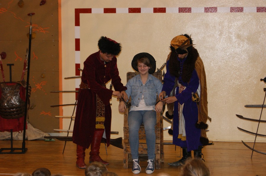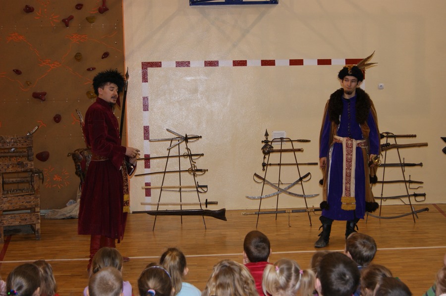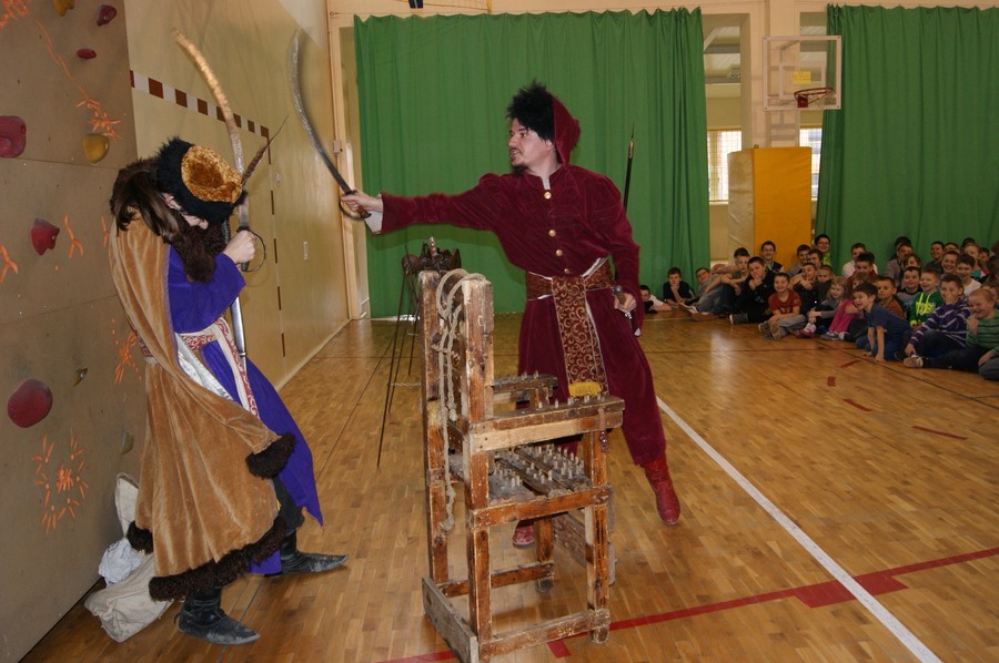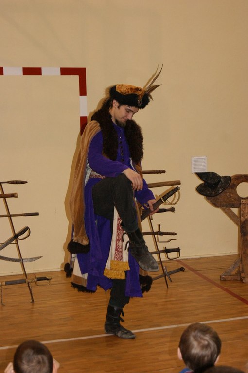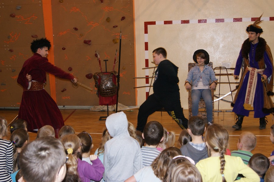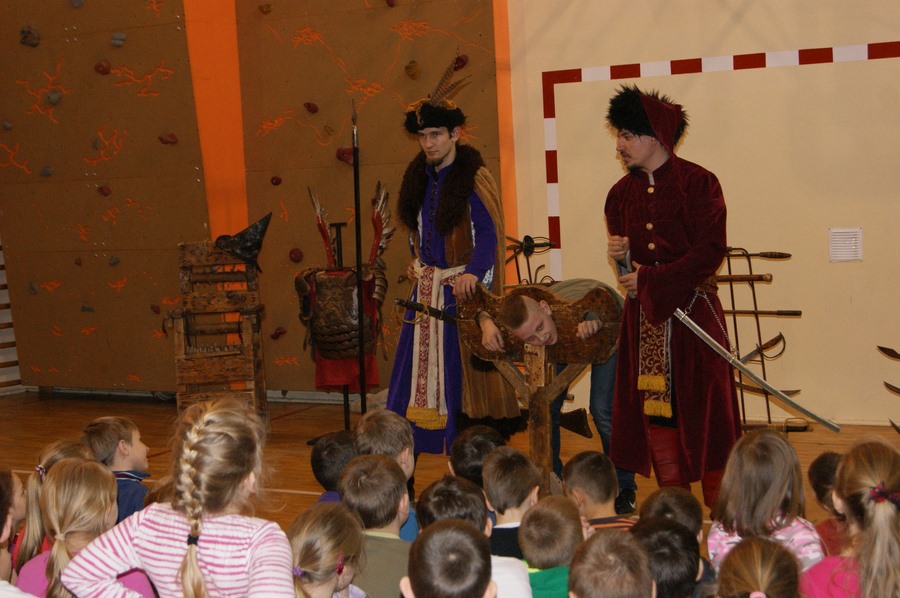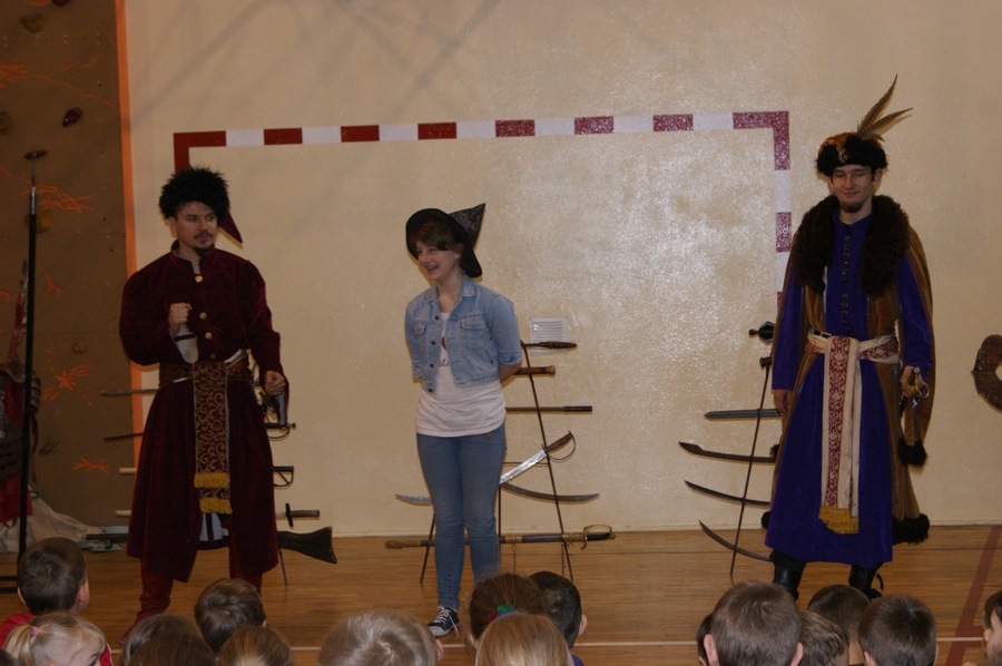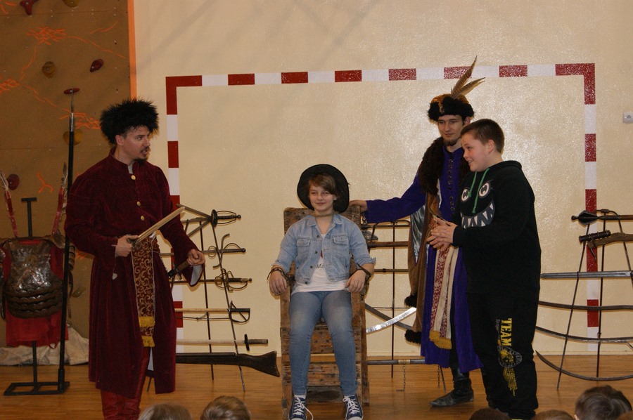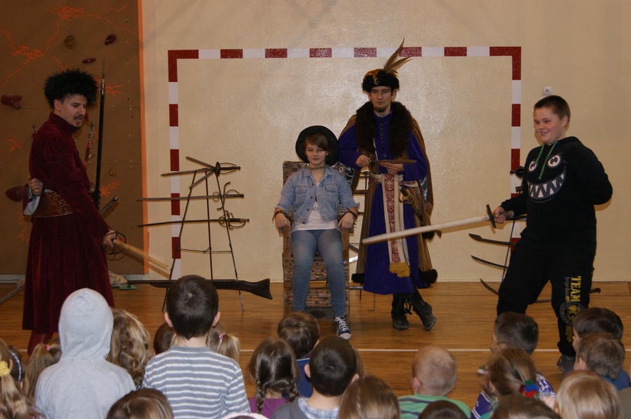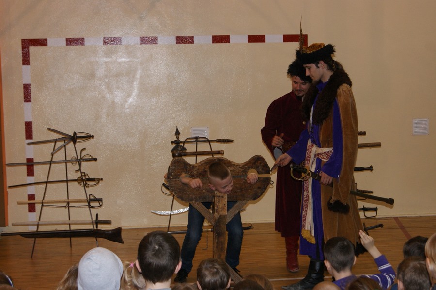 18 marca w naszej szkole odbył się pokaz grupy rekonstrukcji historycznej. Mieliśmy okazję zapoznać się z różnymi rodzajami broni używanej w I Rzeczypospolitej oraz pogłębić wiedzę o obyczajach szlachty. Niektórzy uczniowie aktywnie uczestniczyli w pokazie, odgrywając różne role. Niezwykle ciekawa narracja w połączeniu z gruntowną wiedzą rekonstruktorów dała nam nie tylko możliwość dobrej zabawy, ale też zdobycia wiedzy. Niektórzy z nas z pewnościa bardziej zainteresują się historią, a jeden z uczniów - zakuty w dyby - przyrzekł nawet poprawę oceny z tego przedmiotu.
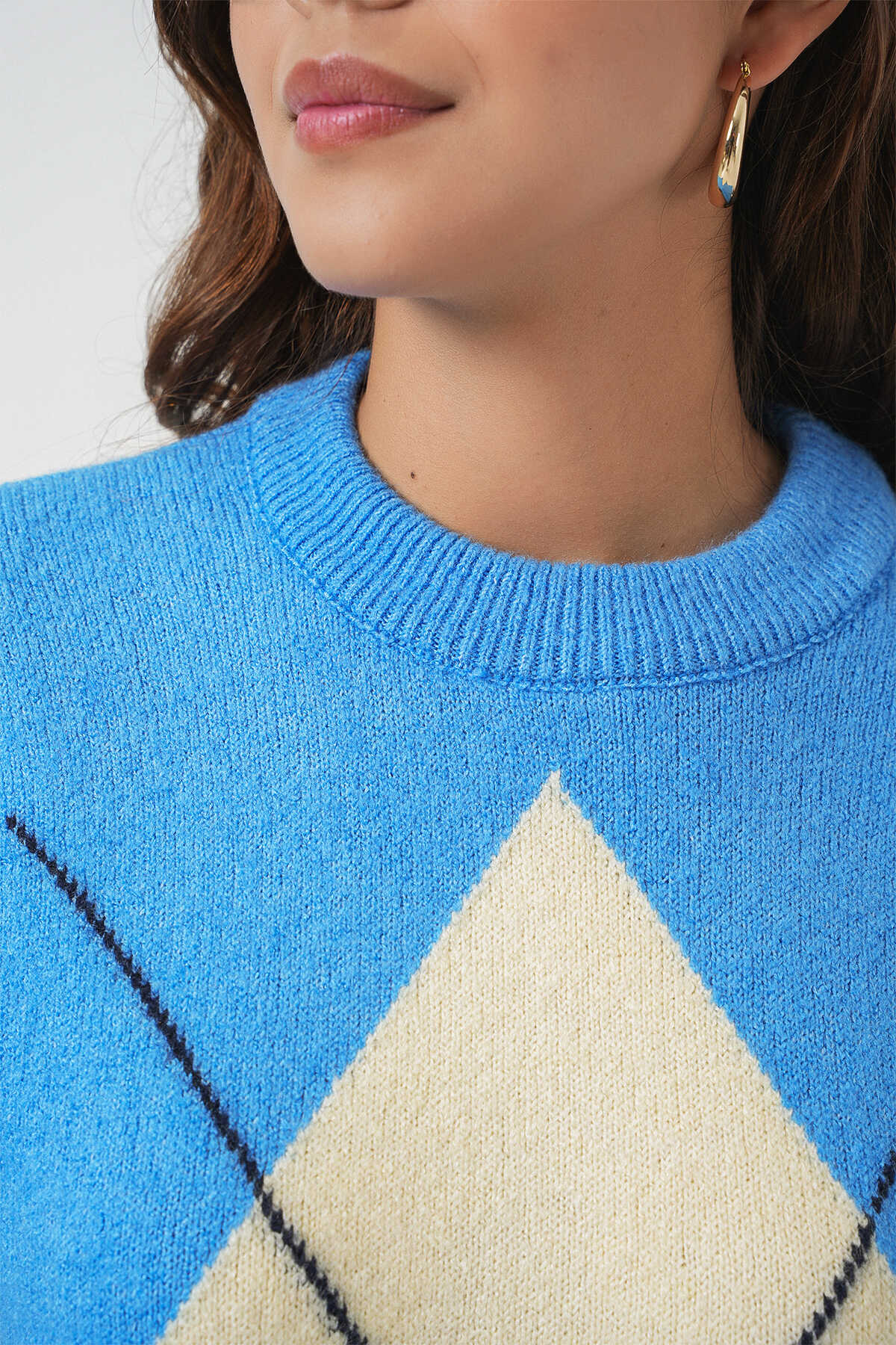 15895 Baklava Desenli Oversize Triko Kazak - Mavi
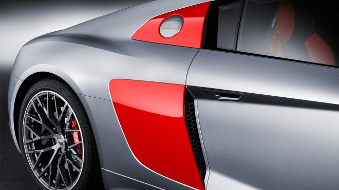 Aracın karakteristik farklarına geçmeden evvel diğer versiyonlarla benzerlik gösteren teknik değerlerini belirtmekte fayda var. 5.2 litre hacimli on silindirli motorun görev yaptığı R8 bu motoruyla 610 beygir güç ve 540 Nm tork değerlerine sahip. Toplamda 1715 kilogram ağırlığa sahip olan R8 yedi ileri şanzımanıyla saate maksimum 330 kilometre hıza 0‘dan 100‘e ise 3,2 saniyede çıkabiliyor. Toplamda sadece 200 adet üretilecek olan modelde yapılan değişimlere baktığımızda gümüş, kırmızı ve siyah renklerden oluşan özel bir grubun kullanıldığını görüyoruz. 20 inç büyüklüğündeki alüminyum jantların kullanıldığı modelde ön lip ve arka difüzörde de küçük değişimler yer alıyor.
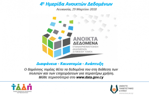 Το Τμήμα Δημόσιας Διοίκησης και Προσωπικού (ΤΔΔΠ), σε συνεργασία με το Ανοικτό Πανεπιστήμιο Κύπρου (ΑΠΚΥ), διοργανώνει την 4η ΗΜΕΡΙΔΑ ΓΙΑ ΤΑ ΑΝΟΙΚΤΑ ΔΕΔΟΜΕΝΑ, στις 29 Μαρτίου 2018, από τις 10:00 π.μ. μέχρι τις 13:30 μ.μ., στην Αίθουσα Πολλαπλών Χρήσεων του Υπουργείου Οικονομικών.Η Ημερίδα απευθύνεται στους δημόσιους λειτουργούς που έχουν οριστεί ως υπεύθυνοι σχετικά με....
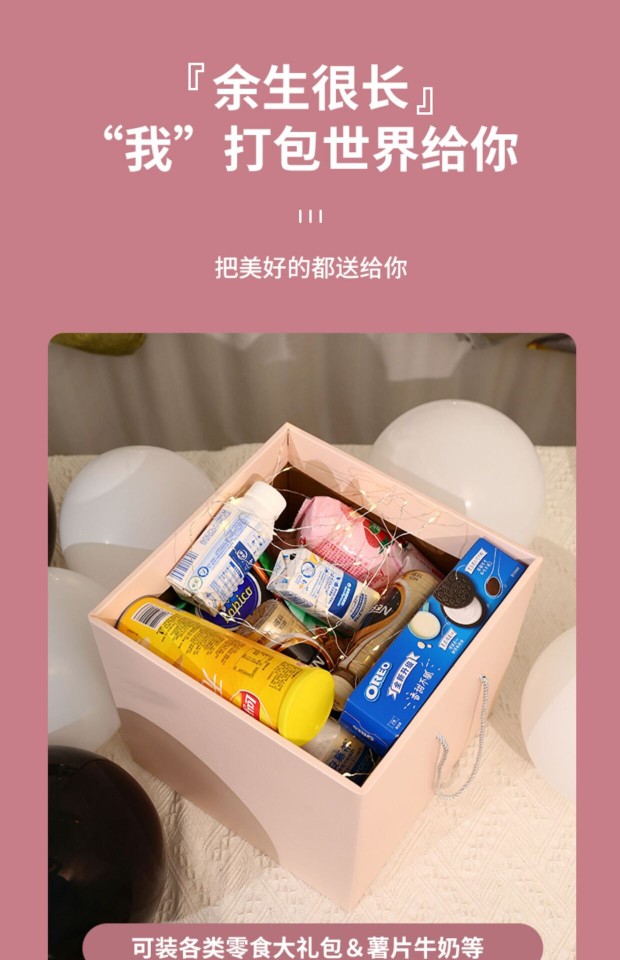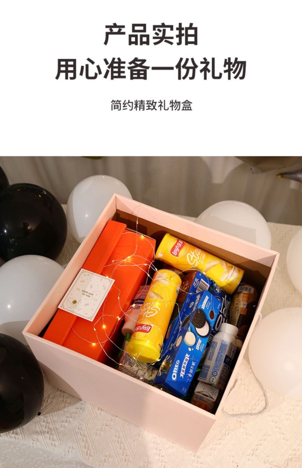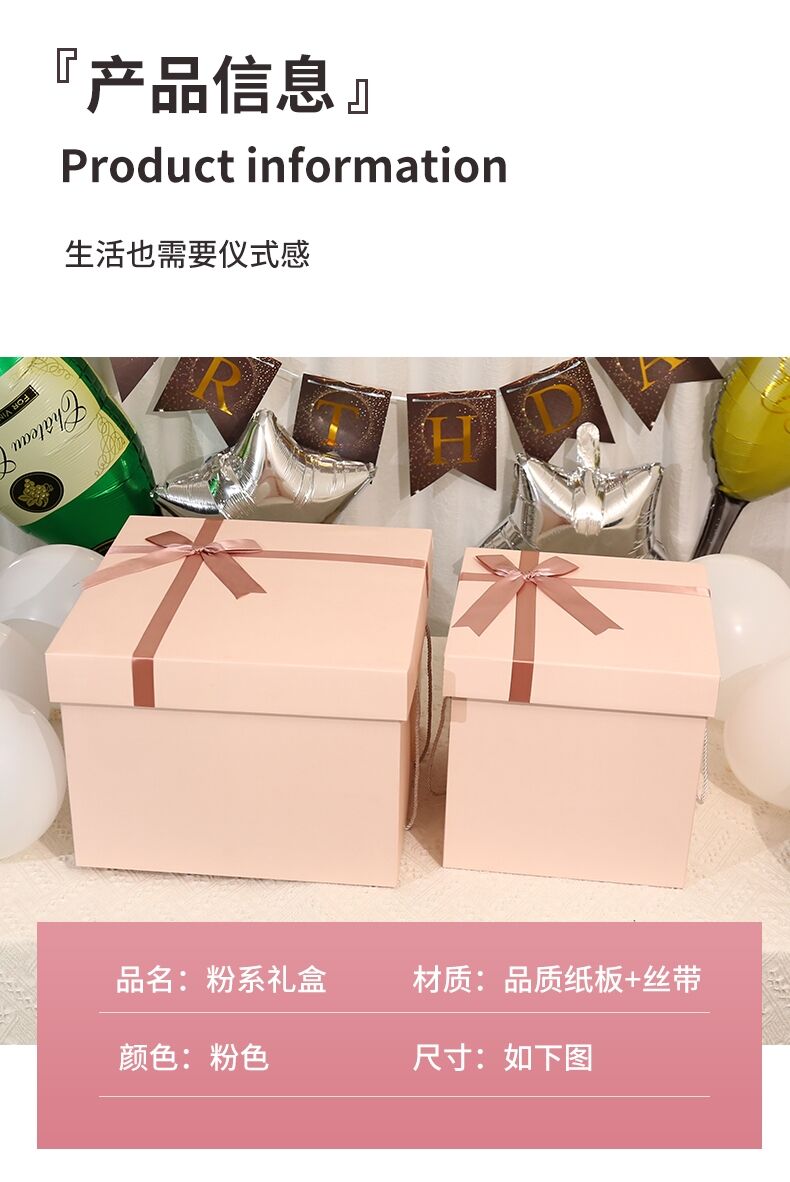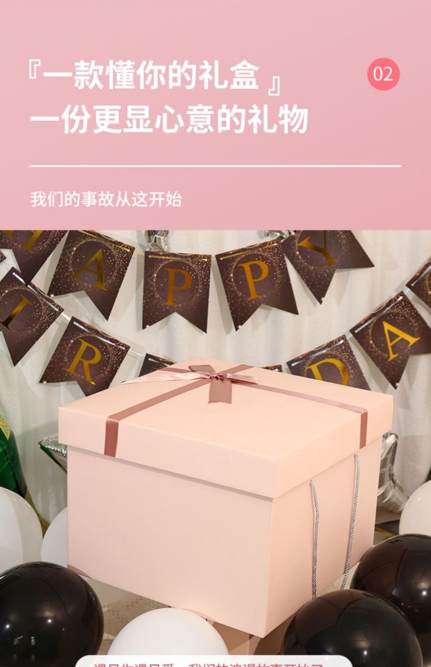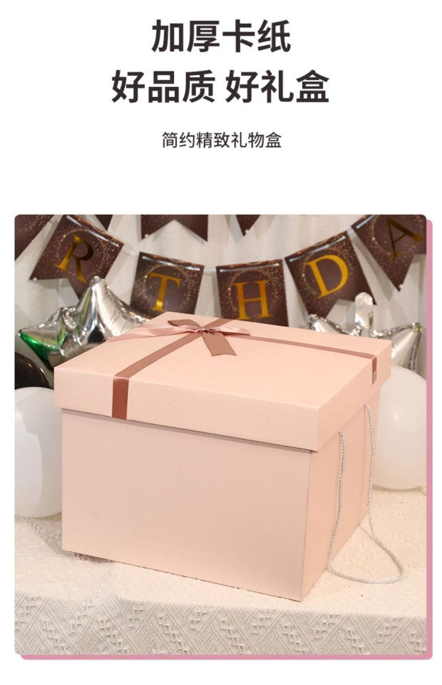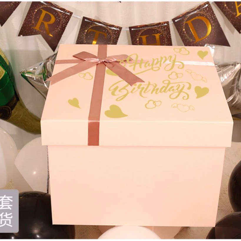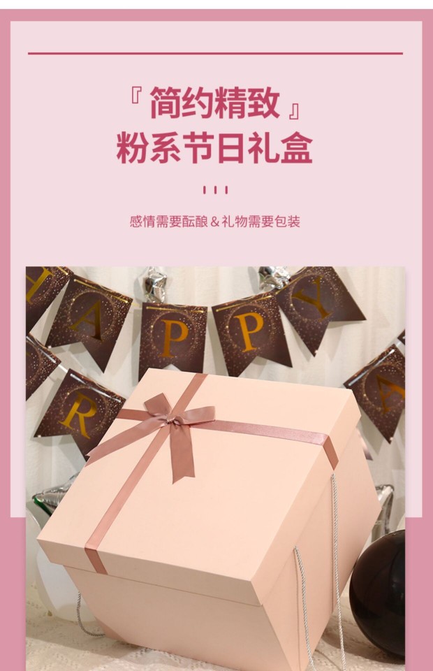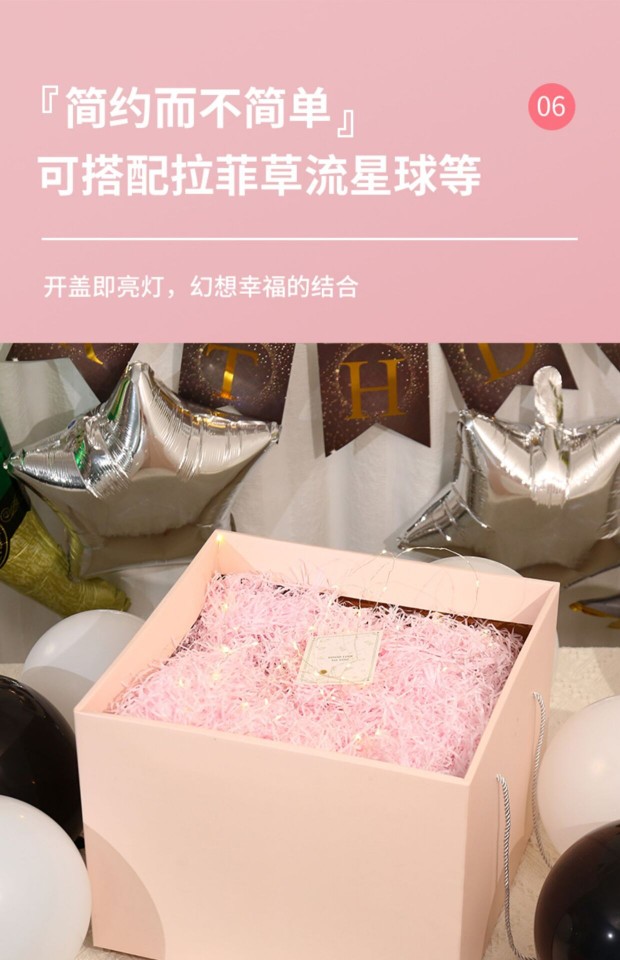 Color: Pink gift box + happy birthday + touch light raffia

* Problem requirements
An exact copy of the lines above, from the first through the line that holds "15895 Baklava Desenli", is what is needed; leave the pictures out.

* Output for this exercise
 18 marca w naszej szkole odbył się pokaz grupy rekonstrukcji historycznej. Mieliśmy okazję zapoznać się z różnymi rodzajami broni używanej w I Rzeczypospolitej oraz pogłębić wiedzę o obyczajach szlachty. Niektórzy uczniowie aktywnie uczestniczyli w pokazie, odgrywając różne role. Niezwykle ciekawa narracja w połączeniu z gruntowną wiedzą rekonstruktorów dała nam nie tylko możliwość dobrej zabawy, ale też zdobycia wiedzy. Niektórzy z nas z pewnościa bardziej zainteresują się historią, a jeden z uczniów - zakuty w dyby - przyrzekł nawet poprawę oceny z tego przedmiotu.
 15895 Baklava Desenli Oversize Triko Kazak - Mavi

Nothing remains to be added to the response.